In the immediate aftermath, Shahjehan demanded the family be imprisoned. Shahjehan and local members of the community even staged a rally in front of the local police station on the matter. The local police insisted a report had been filed, yet upon reading the file she was horrified to find out the report claimed Noorjehan was suffering from clinical depression and likely committed suicide. Similar to the experience of many before her, neither the police nor the judiciary system addressed her grievances in a sufficient manner. She spent three years attempting to have the criminal court try her case, but due to widespread corruption in the police department, it was never successful.  The overwhelming grief she experienced, in combination with the failures of the justice system, encouraged her to step out of the domestic sphere and enter feminist organizing, specifically focused on mitigating domestic violence.

=== Shakti Shalini ===
Shahjehan initially pursued political activism through her work in Basti, a government panel, where she aided homeless women seeking legal aid. This was frustrating work, as Shahjehan was often unable to help the women resolve their specific dowry or abuse cases. Her fellow coworker, Satya Rani Chadha, informed Shahjehan that 25 women were organizing a gathering to advocate for legal action in these cases and raise funds for the victims' medical expenses. This group began regularly meeting under the name Parents Association of Dowry Victims, but soon developed into Shakti Shalini, a non-governmental organization (NGO) that was co-founded by Shahjehan and Satya in January 1987 in Delhi. The NGO was named after Shahjehan's work in a memorable case of a woman from Rajasthan named Shanti, who had been thrown off the third floor of a building by her partner.
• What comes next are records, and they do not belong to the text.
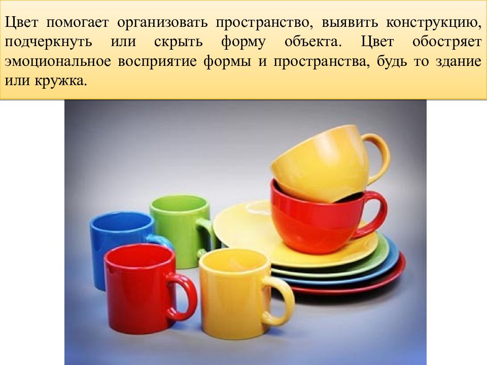 Цвет помогает организовать пространство, выявить конструкцию, подчеркнуть или скрыть форму объекта. Цвет обостряет эмоциональное восприятие формы и пространства, будь то здание или кружка.
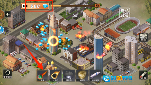当选中星球图标时,会触发行星坠落的场景,每成功摧毁一座建筑就能得到晶石奖励。
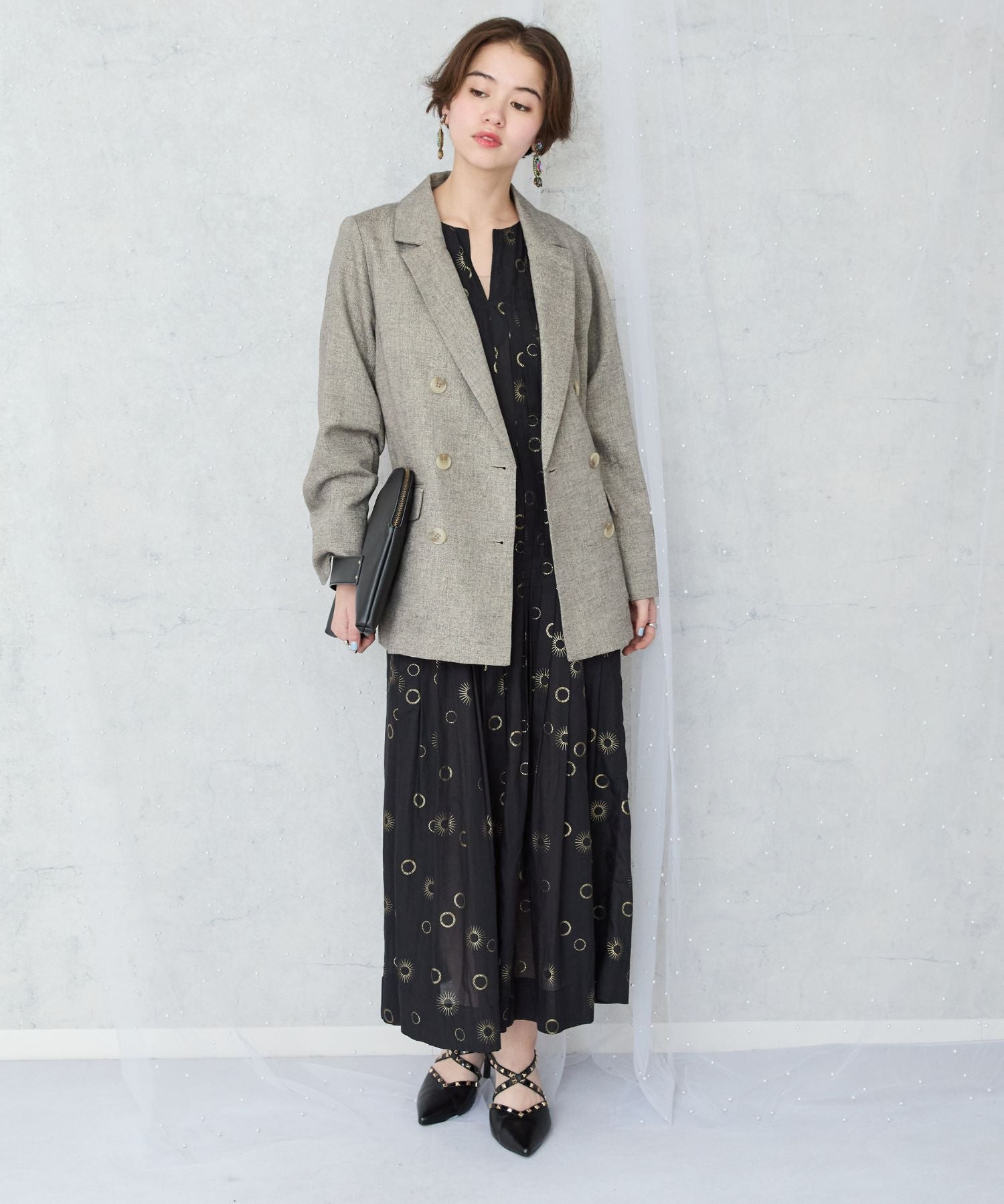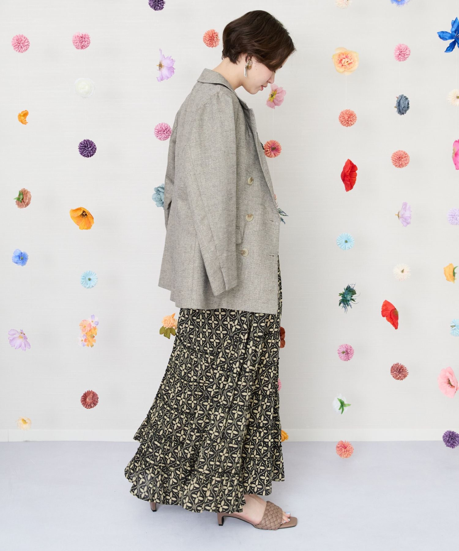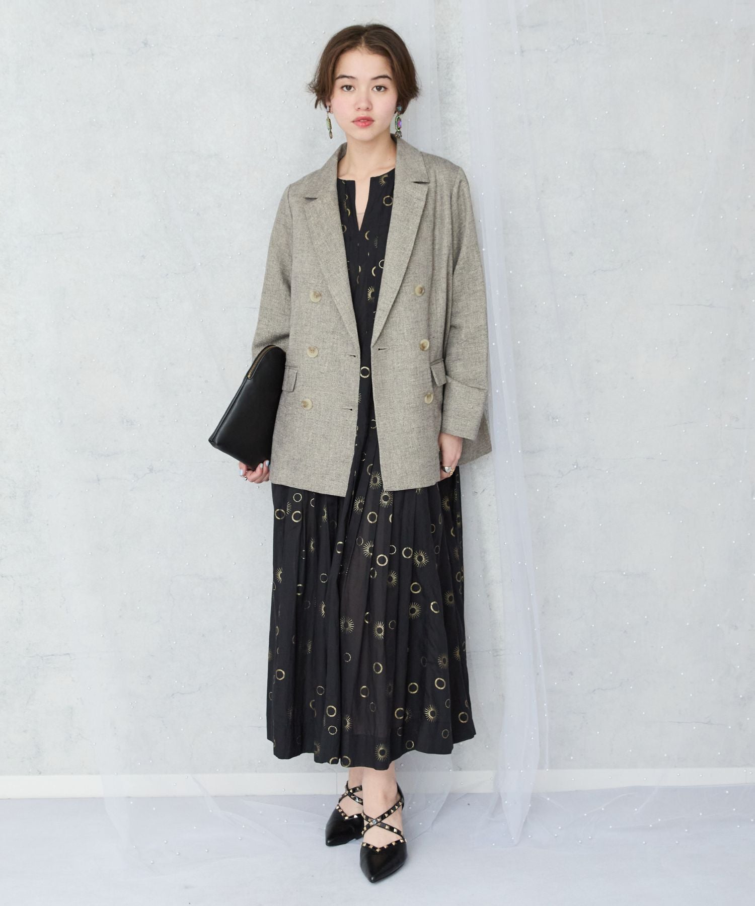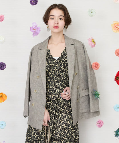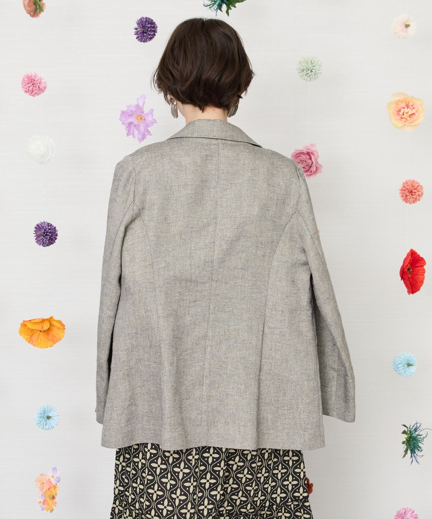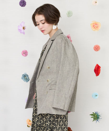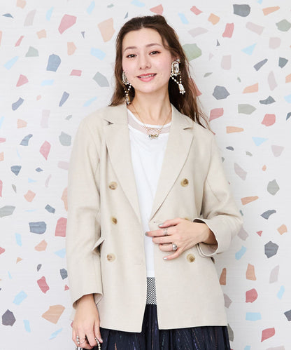 ナチュラルなリネンブレンドにラメを織り込み、トレンド感をプラスしたダブルブレストジャケット。

Shahjehan's investment in this case was so profound that she missed her own hearing, causing her personal case to be terminated. The group began by campaigning for legislation to protect victims of domestic violence, demanding institutional adjustments. However, the focal point of the organization's advocacy quickly developed more generally into ensuring proper housing for women, educating exploited women, and promoting gender equality. This shift was due to Shahjehan's perspective that institutions, such as the judicial system, would not create worthwhile change but only perpetuate it. Instead, Shakti Shalini took a highly individualized approach to their advocacy by holding discussions, workshops, and demonstrations to improve the articulation of victims' rights and stories.

The group's first shelter was opened in July 1987 with Shahjehan overseeing operations as the NGO's founder and president. The shelter began offering 90+ days of safe haven for victims and their children, eventually becoming a place where the local police referred women to. To this day, Shakti Shalini focuses on combating gender-based violence and community activism, specifically prioritizing providing assistance to women and younger girls in the form of shelter, counseling, legal aid, education, and vocational training. The group organizes jobs for women as they finish schooling, or helps them prepare for their exams if they are still in school (many in secondary school or college). The NGO continues to stay in touch with the women for years after their initial job placement, even aiding the children of these women and offering educational courses or shelter to them, when necessary. These courses are not only academically beneficial, but also contain feminist ideology to promote independence. Some women are brought to Shakti Shalini who don’t want to work, so the NGO also arranges marriages to appropriate families. The organization receives government grants for food and shelter, and donations specifically for education, to fund its operations. According to their website, Shakti Shalini has aided over 15,000+ individuals over the course of 36 years, with the organization having placements in at least 5 marginalized communities within New Delhi.

== Death ==
On September 28, 2013, Shahjehan Aapa died at the age of 77. On the way to a mahila panchayat, a women’s community initiative to end violence and provide redress, Shahjehan was struck by a motor vehicle and killed in the accident.